→ **Task objective**
Reproduce the listing below exactly, except for its pictures.

→ **Data below**
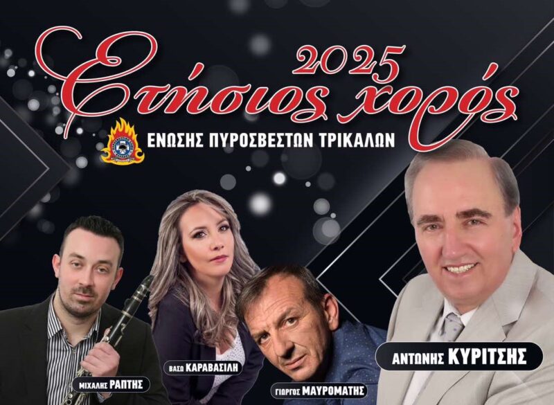 Η Ένωση Πυροσβεστών Τρικάλων σας προσκαλεί στον Ετήσιο Χορό 2025, που θα πραγματοποιηθεί το Σάββατο 1 Φεβρουαρίου 2025 στις 21:00,...
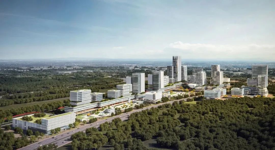 地铁13号线双岗站TOD智航中央商务区效果图。
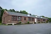 The main building of the Redfield School Historic District is an H-shaped single-story brick building, 15,000 sq ft, with a dormered gable roof. Additional buildings include a carriage house and well house dating to the 1910s. The district includes a 1958 mid-century modern gable-roofed cinder block school gymnasium, 10,391 sq ft, with all wood interior including Glulam wooden beams made in Magnolia, Arkansas. It also includes the athletic fields that lie adjacent to the school building.[2]

→ **Reply to the exercise**
 Η Ένωση Πυροσβεστών Τρικάλων σας προσκαλεί στον Ετήσιο Χορό 2025, που θα πραγματοποιηθεί το Σάββατο 1 Φεβρουαρίου 2025 στις 21:00,...
 地铁13号线双岗站TOD智航中央商务区效果图。
 The main building of the Redfield School Historic District is an H-shaped single-story brick building, 15,000 sq ft, with a dormered gable roof. Additional buildings include a carriage house and well house dating to the 1910s. The district includes a 1958 mid-century modern gable-roofed cinder block school gymnasium, 10,391 sq ft, with all wood interior including Glulam wooden beams made in Magnolia, Arkansas. It also includes the athletic fields that lie adjacent to the school building.[2]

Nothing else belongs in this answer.